| |
| |
| |
Memoranda
XI
Brussel, 1 Februari.
Een man-der-wetenschap, iemand die niet gewoon is in 't ijle te redeneeren en zich gaarne rekenschap geeft zoo van de eigen gevoelens als van andermans meeningen, bekent mij, als vertrouwelijk:
‘Rechtuit gezeid: ik kan niet meer “weltgeschichtlich” denken....’
Dienzelfden dag ontmoet ik Herman Teirlinck, en deze meent: ‘Ik weet niet, maar 't is of het de tijd waar' om eens zijn zolder op te ruimen....’

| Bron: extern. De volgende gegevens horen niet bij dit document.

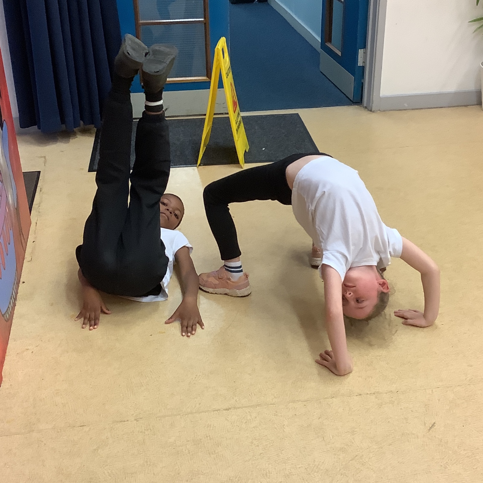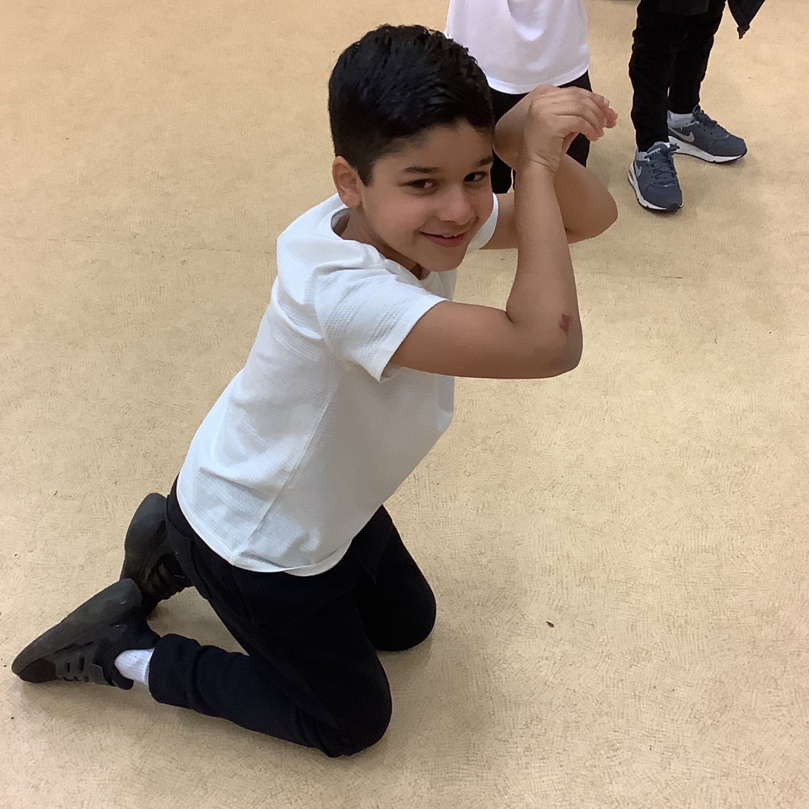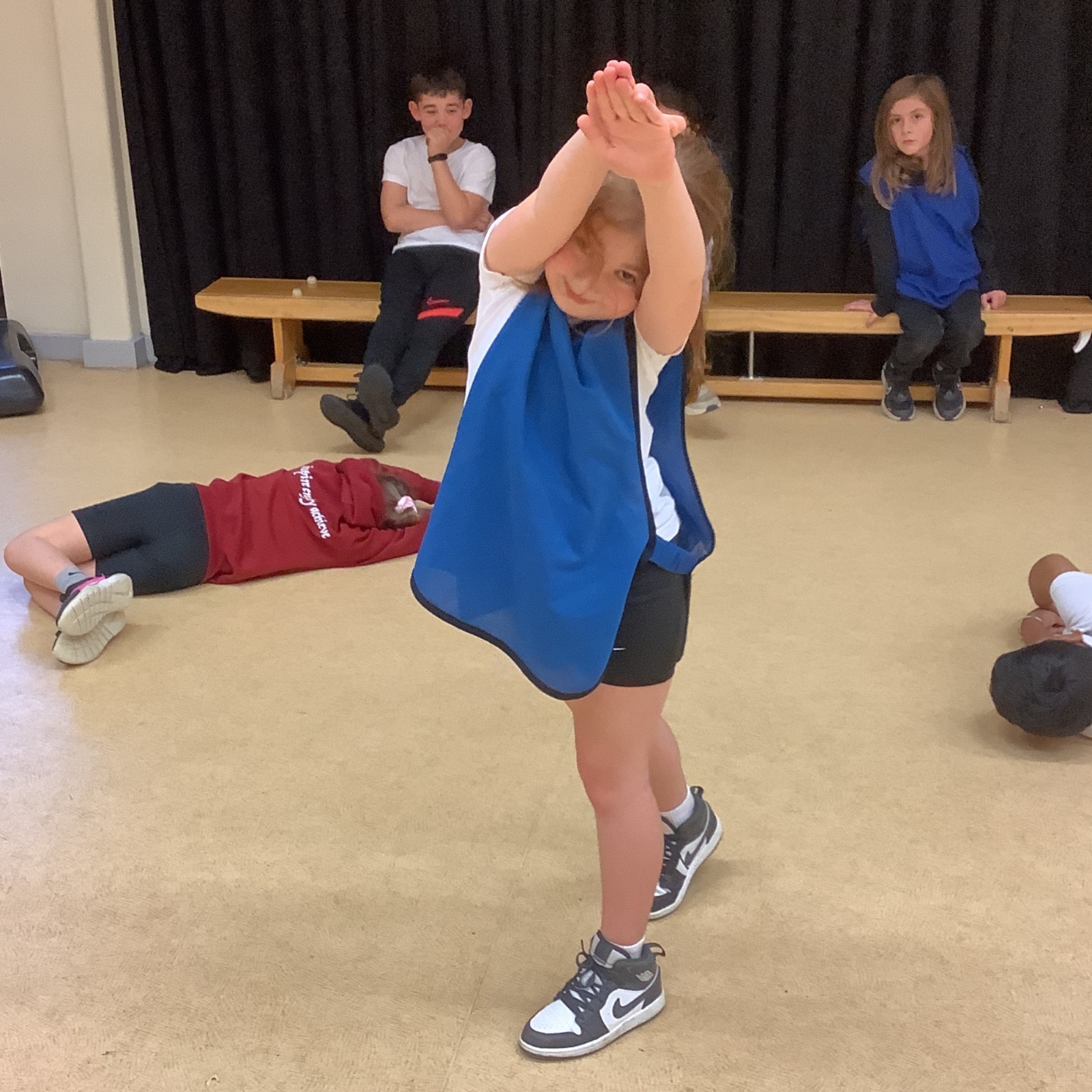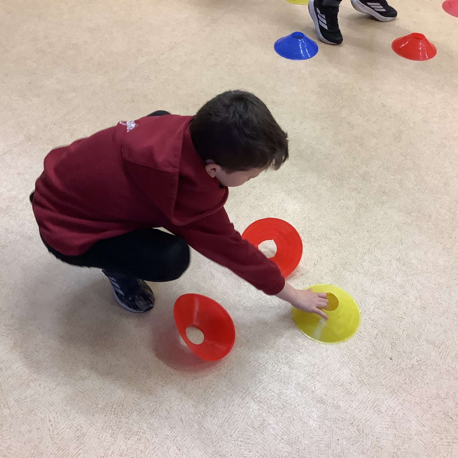 In PE today, children had to work in partners and teams to achieve the challenge. The children started off by playing a game called Dishes and Domes where two teams competed against each other to tournament the cones either upside down or the correct way up. After that, they played a game called Team tag whereby the children had 4 taggers, and they had to tag the rest of the class, but to make it harder the children had to walk or bum shuffle! Lots of fun but hard work. Finally, the children had to create letters and words using just their bodies!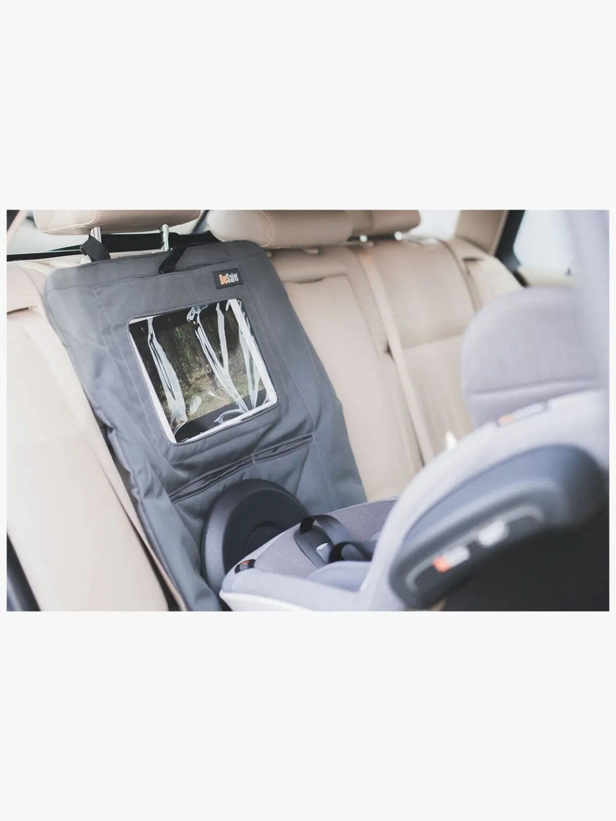 Sædebeskytteren har en smart gennemsigtig lomme til en tablet og små mindre lommer med velcrolukning, hvor der kan blive plads til opbevaring af alle småtingene. Praktisk og smart når hele familien skal på tur!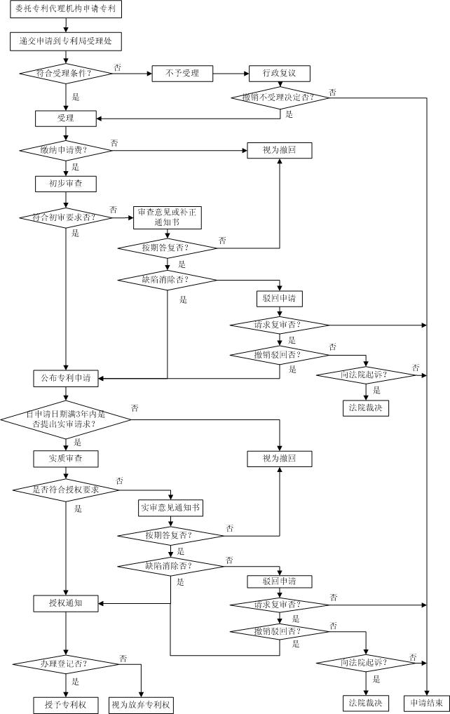 1、國(guó)內(nèi)專利申請(qǐng)所需文件及資料 申請(qǐng)發(fā)明專利的,申請(qǐng)文件應(yīng)當(dāng)包括:發(fā)明專利請(qǐng)求書、說明書(必要時(shí)應(yīng)當(dāng)有附圖)、權(quán)利要求書、摘要及其附圖,各一式兩份。涉及氨基酸或者核苷酸序列 的發(fā)明專利申請(qǐng),說明書中應(yīng)包括該序列表,并把該序列表作為說明書的一個(gè)單獨(dú)部分提交,同時(shí)還應(yīng)提交符合國(guó)家知識(shí)產(chǎn)權(quán)局規(guī)定的記載有該序列表的光盤或軟 盤。 申請(qǐng)實(shí)用新型專利的,申請(qǐng)文件應(yīng)當(dāng)包括:實(shí)用新型專利請(qǐng)求書、說明書、說明書附圖、權(quán)利要求書、摘要及其附圖,各一式兩份。 申請(qǐng)外觀設(shè)計(jì)專利的,申請(qǐng)文件應(yīng)當(dāng)包括:外觀設(shè)計(jì)專利請(qǐng)求書、圖片或者照片,各一式兩份。要求保護(hù)色彩的,還應(yīng)當(dāng)提交彩色圖片或者照片一式兩份。提交 圖片的,兩份均應(yīng)為圖片,提交照片的,兩份均應(yīng)為照片,不得將圖片或照片混用。如對(duì)圖片或照片需要說明的,應(yīng)當(dāng)提交外觀設(shè)計(jì)簡(jiǎn)要說明,一式兩份。 2、如何撰寫技術(shù)交底書 一份技術(shù)交底書,清楚地描述該發(fā)明的技術(shù)方案和構(gòu)思,可按下述八個(gè)部分撰寫: 1)名稱; 2)技術(shù)領(lǐng)域; 3)現(xiàn)有技術(shù):引證與發(fā)明或?qū)嵱眯滦蛯@暾?qǐng)最接近的現(xiàn)有技術(shù)文件,并客觀指出背景技術(shù)中存在的問題和缺點(diǎn); 4)目的:應(yīng)針對(duì)背景技術(shù)中存在的問題,寫明由該申請(qǐng)的說明書所公開的技術(shù)方案所能解決的技術(shù)問題; 5)技術(shù)方案及發(fā)明要點(diǎn):寫明申請(qǐng)人對(duì)其要解決的技術(shù)問題所采取的技術(shù)措施的集合,是該發(fā)明或?qū)嵱眯滦蜕暾?qǐng)的核心部分; 6)有益效果:有根據(jù)地寫明由本發(fā)明或?qū)嵱眯滦偷募夹g(shù)特征帶來的,或者是由所述的技術(shù)特征必然產(chǎn)生的與現(xiàn)有技術(shù)相比所具有的有益效果; 7)附圖及其簡(jiǎn)要說明; 8)實(shí)現(xiàn)發(fā)明或?qū)嵱眯滦偷淖詈梅绞剑涸敿?xì)描述實(shí)施本發(fā)明或者實(shí)用新型的具體例子,尤其應(yīng)對(duì)本發(fā)明和實(shí)用新型區(qū)別于現(xiàn)有技術(shù)的技術(shù)特征及附加技術(shù)特征進(jìn)行足夠詳細(xì)的描述。 3、國(guó)內(nèi)專利申請(qǐng)業(yè)務(wù)流程圖

- Twee zeer verschillende wijzen om ongeveer hetzelfde te zeggen, eene zelfde gewaarworing uit te drukken - gewaarwording zonder spontaneïteit, en die knaagt als een sleepende maagziekte, en die drenst als een krank kind; het gevoel bijna dat wij van het wereld-gebeuren als afgesloten zijn, dat wij er niet meer bij behooren, dat wij er niets méér van te vernemen krijgen dan nu en dan een zouteloos kluifje, juist wat men kwijt wil zijn, en dat wij trouwens ontvangen op lusteloosheid: indruk die valsch is natuurlijk, die ons tegen ons-zelf verstoort telkens als wij er bij denken aan onze soldaten aan den Yser, de edelste onder de soldaten, 'wijl de onbaatzuchtigste (ik bedoel: als leger-geheel, met de gedachte die dat leger bezielt); indruk die valsch is tevens, omdat wij immers genoeg van het slagveld vernemen, ook bij gebrek aan Fransche en Engelsche kranten, om er onzen nationalen trots niet bij te verliezen, en zelfs kunnen achten er een reëeler, een betrouwbaarder beeld van te krijgen dan
| |
| |
de bondgenooten van België, waar wij immers het nieuws hebben uit de Hollandsche kranten die geen zelf-verblinding kennen, en van de Duitsche die ons onderscheidingsvermogen (en het is in Belgische oogen hunne verdienste) hebben verscherpt. Mogen wij het er trouwens niet voor houden dat, zoodra er van vrede sprake zal kunnen zijn, de positie van België één der brandpunten van de belangstelling zal worden, en dat, die vrede eenmaal gesloten, ons land op rechtskundig en sociaal gebied een actie zal voorbehouden zijn, waar wij ons van nu af aan heel goed kunnen indenken zonder verder over onze toekomst hoeven te profeteeren? Zoodat er zeer zeker geen reden bestaat om te oordeelen dat wij uit den oorlog zouden geschakeld zijn, en buiten het helsch-grootsche van dezen tijd, en de gevolgen daarvan, zouden zijn gesloten....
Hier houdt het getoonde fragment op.